# New Job Offer



## luluslair

My husband has been offered a job in Hong Kong, salary 46K GBP p/a free accommodation, relocation package yet to be decided, 1 bed apartment. Is 46K enough for 2 adults to live on out there?


----------



## plato413

46GBD p/a is around 46700 HKD per month plus accommodation is not a bad money in HK. What you need to consider is that HK is a very entertaining city and there is LOTS and LOTS of ways to spend money ie shopping, travelling, eating out and going out with friends. My closed friend with his wife is a upper middle class(and both well educated) in HK and their total income is around 55000 HKD per month and their rent is 7000 HKD mounthy, and I can tell you they have just enough money to live, it's all depends on how you spend the money. Also, one bab flat in HK could be very, very, very small.

Hope this help!


----------



## luluslair

plato413 said:


> 46GBD p/a is around 46700 HKD per month plus accommodation is not a bad money in HK. What you need to consider is that HK is a very entertaining city and there is LOTS and LOTS of ways to spend money ie shopping, travelling, eating out and going out with friends. My closed friend with his wife is a upper middle class(and both well educated) in HK and their total income is around 55000 HKD per month and their rent is 7000 HKD mounthy, and I can tell you they have just enough money to live, it's all depends on how you spend the money. Also, one bab flat in HK could be very, very, very small.
> 
> Hope this help!


Thank you. I intend to work there as well, but have not got a job yet. I am sure i will find work too and i will get a visa through my husbands workplace. 
The apartment offered is indeed not the biggest, but we are trying to negotiate with the company on a different location in HK, as we are not sure we want to live smack in the city. Can you recommend any other alternatives, with greenspace as our dog will be travelling with us?

All help is appreciated.


----------



## plato413

luluslair said:


> Thank you. I intend to work there as well, but have not got a job yet. I am sure i will find work too and i will get a visa through my husbands workplace.
> The apartment offered is indeed not the biggest, but we are trying to negotiate with the company on a different location in HK, as we are not sure we want to live smack in the city. Can you recommend any other alternatives, with greenspace as our dog will be travelling with us?
> 
> All help is appreciated.



What I would want you to understand is HK is a very small city with an extreamly high population and the living envirnment is out of the imagination of most people in the world, considering HK is a rich city. You need to prepare for a less comfort living flat in HK almost for sure, even if the company can provide a "bigger" flat for you, it will still be smaller than what you are living now. I cannot recommand any work for you to do as I do not know what your education level and working experience. Greenspace, umm......there are not very many out there in HK I am afraid, and they are very, very, very expensive as well. 

Hope this help!


----------



## luluslair

I do understand the city is densely populated and completely different from any other place. I have travelled a lot in Asia so do realise what it is like.
I merely would like to know where there is nice places to relocate to, and if there is any recommended places to live. I am not looking for a big house or anything like that, I am used to small/flat living and i dont see a problem i am more interested in a nice area to live in, does not necessarily be on HK island.
Due to my dog is coming it would be necessary to have dog allowed green space within walking distance. Which i fully understand is not available on HK island.


----------



## dunmovin

luluslair said:


> I do understand the city is densely populated and completely different from any other place. I have travelled a lot in Asia so do realise what it is like.
> I merely would like to know where there is nice places to relocate to, and if there is any recommended places to live. I am not looking for a big house or anything like that, I am used to small/flat living and i dont see a problem i am more interested in a nice area to live in, does not necessarily be on HK island.
> Due to my dog is coming it would be necessary to have dog allowed green space within walking distance. Which i fully understand is not available on HK island.

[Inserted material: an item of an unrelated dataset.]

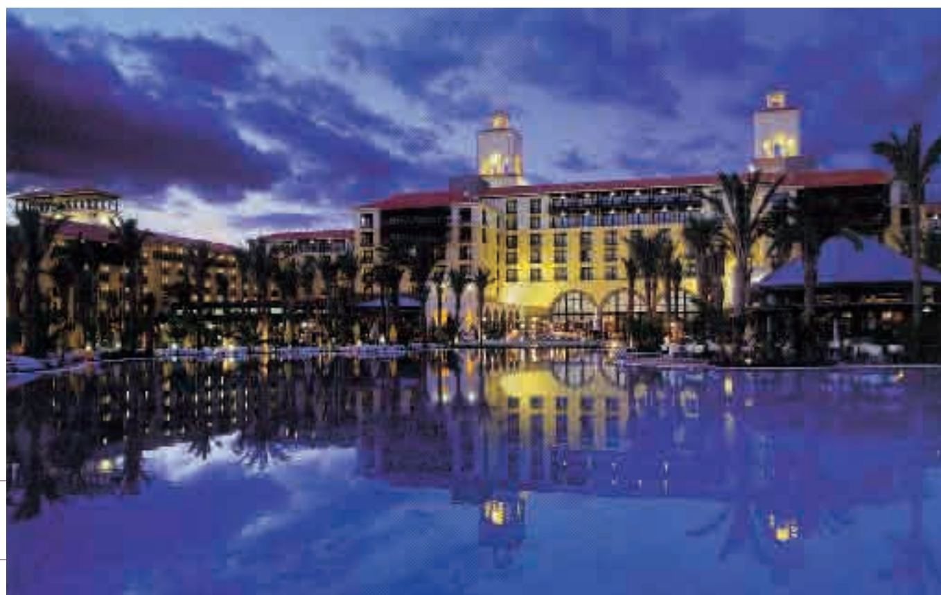
Gran Hotel Costa Meloneras, home to Gran Casino Costa Meloner

we lived in Yau Yat Tsuen (Kowloon Tong) and then moved to the New territories (Clearwaterbay area) the housing was cheaper, the commute was 10 to 15 minutes longer, but me and the dog could walk down to Little Palm beach, me and my friend could go diving in the shallow waters or mucked around with cannoes, while his friends (all chinese) looked after the dog. Later we would have a bbq, I would help them with english, they taught me cantonese.

The village is called Ng Fai Tin, it's about 5 km from Tsuen Kwan O, but 900 mts from the main road,(up a steep hill, not good for walking on a day with 35C+ and 90% humidity ) plenty of good supermarkets in the area, with good stocks of western/austalian/european foods.

If you don't want to drive, find a good taxi driver ( Mr Lee would arrive at our house, knock on the door and wait for us.... if he was not going to able to pick us up himself, he would send three other drivers, in case the other two were busy, to make sure we got to work on time)


Whatever happens, enjoy your time there. There is a lot of nice people.


----------



## luluslair

I have now got another update from the company, the housing is in Kowloon area. Not been given exact location as yet. Is kowloon a suitable area for Hank, my JR?


----------



## dunmovin

luluslair said:


> I have now got another update from the company, the housing is in Kowloon area. Not been given exact location as yet. Is kowloon a suitable area for Hank, my JR?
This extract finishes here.